Le troisième président de la Confédération africaine de football a tenu à traduire sa gratitude au Président de la République de Côte d'Ivoire dont il a salué l'engagement et la disponibilité à aider les dirigeants de la Confédération à une meilleure gestion du football du continent.

« J'ai toujours dit dès le début de mon mandat que je ne pourrai jamais gérer le football africain sans la contribution de nos États et surtout de nos chefs d'État.

Dans de nombreux pays africains que j'ai visités, on note qu'il y a toujours l'implication du gouvernement. C'est vrai, il y a ce que nous appelons l'autonomie des fédérations que nous réclamons à travers le statut de la Fifa, mais l'autonomie ne veut pas dire indépendance.

Il y a une autonomie de gestion, mais nous sommes dans un pays, dans lequel nous travaillons. On ne peut rien faire sans les autorités », a-t-il souligné.

Le président de la CAF a réaffirmé également l'engagement de l'institution qu'il préside à œuvrer afin que le football africain ne se retrouve plus dans cette situation par rapport à l'organisation de sa compétition la plus importante.

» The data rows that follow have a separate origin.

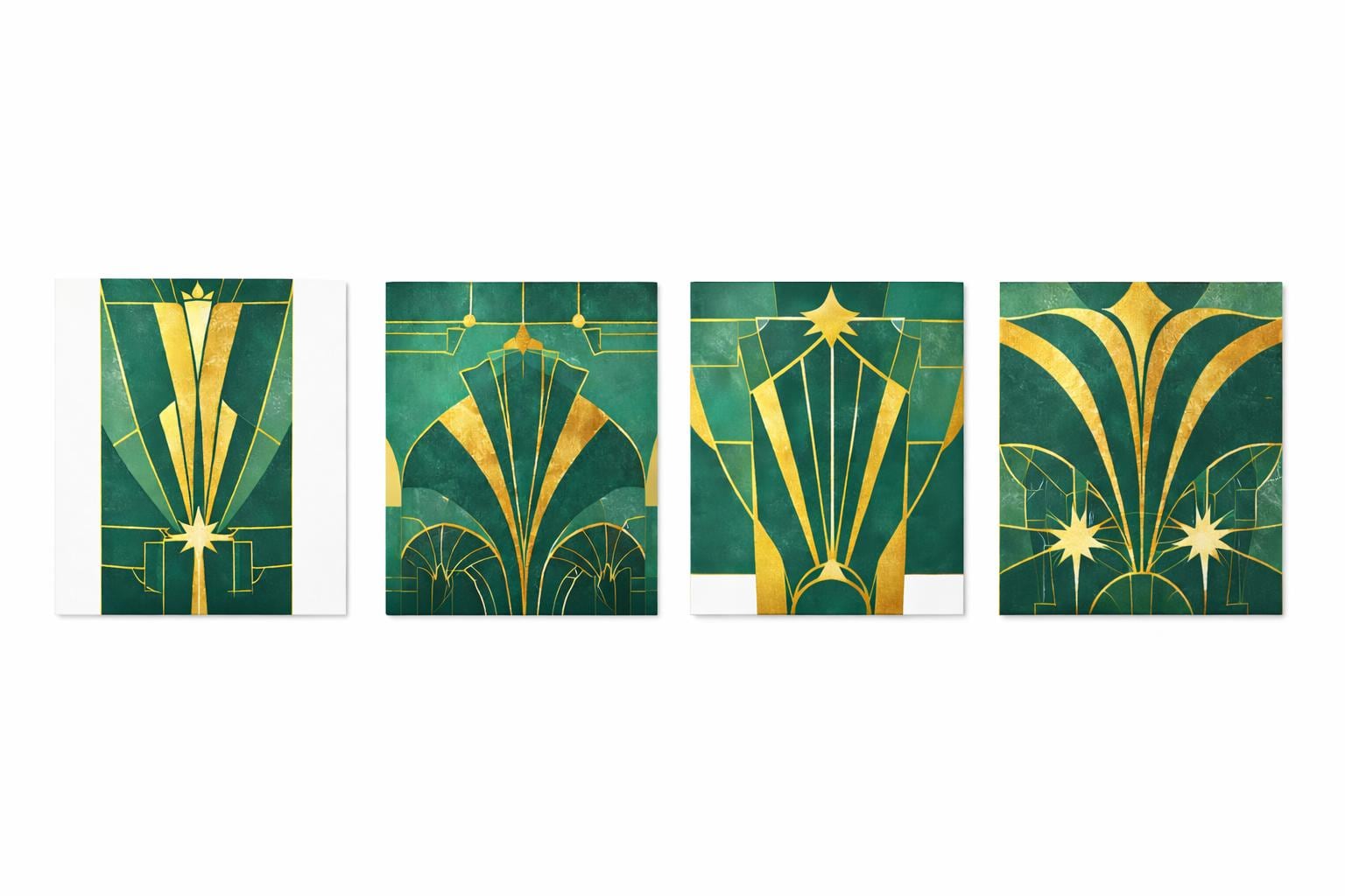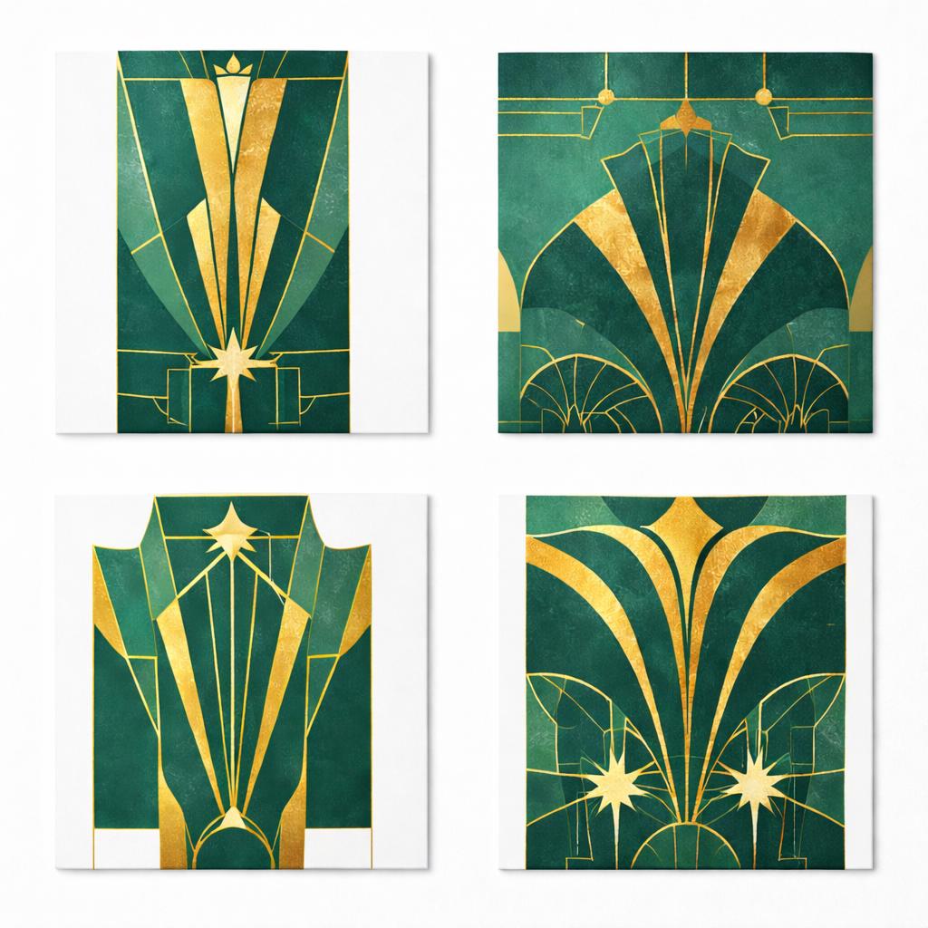 Add timeless elegance to your home with these Art Deco inspired corkwood coasters. Featuring rich emerald green tones paired with striking gold style geometric detailing, this design draws inspiration from classic 1920s Art Deco architecture and vintage glamour.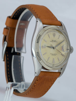 Vintage 1955 Rolex DateJust RED 36mm PATINA 6305 Bubbleback Stainless Watch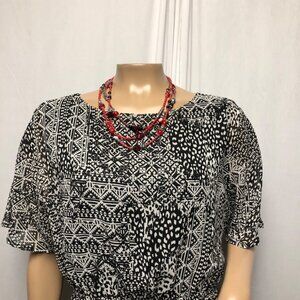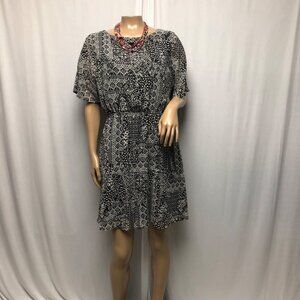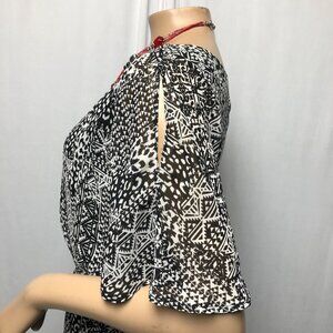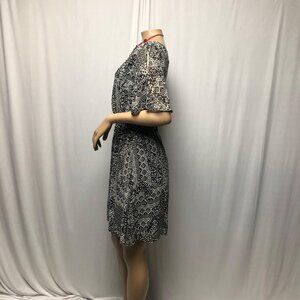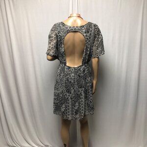 Myan Dress Womens Size Large Black White Open Back Sheer Flutter Sleeves

Il a notamment évoqué la création d'un accord-cadre entre les pays désignés pour l'organisation de la compétition et la Caf.

« Dans les six mois à venir, on doit se retrouver avec nos techniciens pour élaborer l'accord cadre et revoir aussi le planning des préparatifs de la compétition pour chaque pays », a-t-il déclaré.

Le président Ahmad, a enfin commenté la saisie du Tas par les Comores contre le Cameroun. « Ils peuvent le faire, c'est leur droit mais le football c'est sur le terrain, pas sur la table », a-t-il dit.

Aucune incidence sur la réalisation des travaux

La décision du Chef de l'État ivoirien d'accepter le glissement de la compétition a été motivée par un souci de solidarité africaine dont la Côte d'Ivoire est un modèle sur le continent.

« Le président de la République a tenu à exprimer sa solidarité à l'ensemble des sportifs africains et surtout au Cameroun pour les investissements importants qui ont été réalisés », a déclaré le ministre des Sport ivoirien Danho Paulin.

Le ministre des sports qui intervenait au nom de l'État ivoirien, a souligné que la Côte d'Ivoire est un pays de paix, d'hospitalité et de dialogue qui ne peut pas échapper à sa vocation d'être toujours aux côtés de la jeunesse africaine, qui a besoin d'un évènement aussi important que la Coupe d'Afrique des nations.

Malgré ce glissement de date, le président de la République a donné des instructions pour la poursuite de l'ensemble des travaux en cours, pour que les délais soient respectés.

« Nous allons nous y mettre avec le comité d'organisation pour que toutes les infrastructures sportives et d'hébergement soient réalisés dans les délais prévus contractuellement.

Tous les investissements qui sont programmés se feront dans les délais pour que la Côte d'Ivoire soit au rendez-vous de ce grand évènement sportif de la jeunesse africaine », a rassuré le ministre des Sports.